I use this when students are presenting.
For example, students come up with their own song in the "Hachijo: Create Your Piece" class.
As they are going through their creative process, I have them present what they have for each other.
Instead of me always giving them feedback, I have the students do "Two Likes and a Wish".
I ask the students that are watching to think of two things they liked/enjoyed about the presentation and one thing they wish the presenter can work on (i.e. I liked the change in dynamics throughout the piece and I liked the triplets in the fast section. I wish there was more "ma" in the slow section).
This gives the students that are watching an active role, instead of a being a passive audience member.

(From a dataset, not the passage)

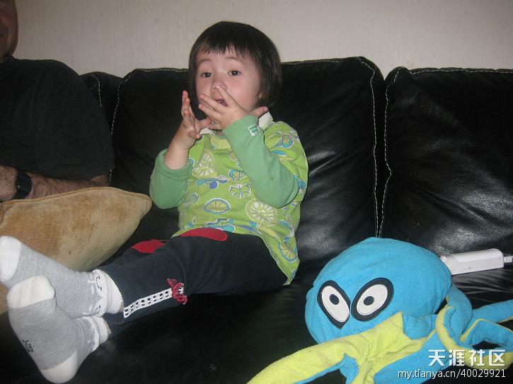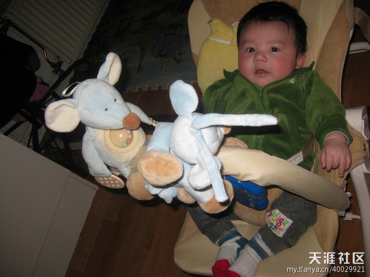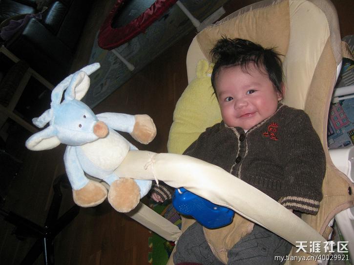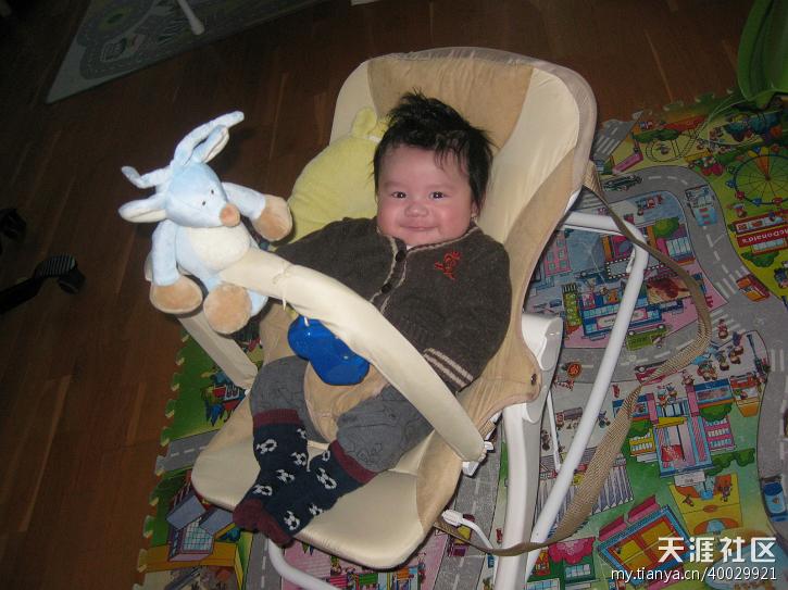 刚刚前几天,丁丁一逗就笑。这两天,他还反过来会逗人笑了。有时候他躺在小躺椅上,我在旁边看电脑,听见他嗯嗯的叫。看过去,他也正盯着我呢。看见我看过去,叫得更起劲,一边叫一边笑,哦嗷噢嗷的,好可爱啊!

The advice giver may turn the given advice to themselves ("maybe I could put some more 'ma' in my solo'").
During practice time, the person that received the two likes and a wish can either take action on the wish and work on it, ignore it, or talk to the person or me about it.
For a small class (up to 5 students), I might have everyone share their Two Likes and a Wish with the person that presented.

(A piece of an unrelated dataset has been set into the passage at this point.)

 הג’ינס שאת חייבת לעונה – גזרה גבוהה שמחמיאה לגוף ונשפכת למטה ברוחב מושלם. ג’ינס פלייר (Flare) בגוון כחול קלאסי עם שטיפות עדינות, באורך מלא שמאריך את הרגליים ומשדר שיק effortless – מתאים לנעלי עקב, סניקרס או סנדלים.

For a large class, I usually pick one student to share their Two Likes and a Wish with the presenter (since everyone presents).
This works for all ages! Super cute with the little ones. :)
Comments
Submitted by Yuta Kato on Fri, 2014-01-24 09:36 Permalink
Love it!
Thank you Yuri for this tip, I'll start using for my soloing-classes too.
Often times I hear people asking their students to critique eachother by saying "one good, and one bad" thing.
What a way to convert the "bad" to a "wish." This is a game-changer of the same approach.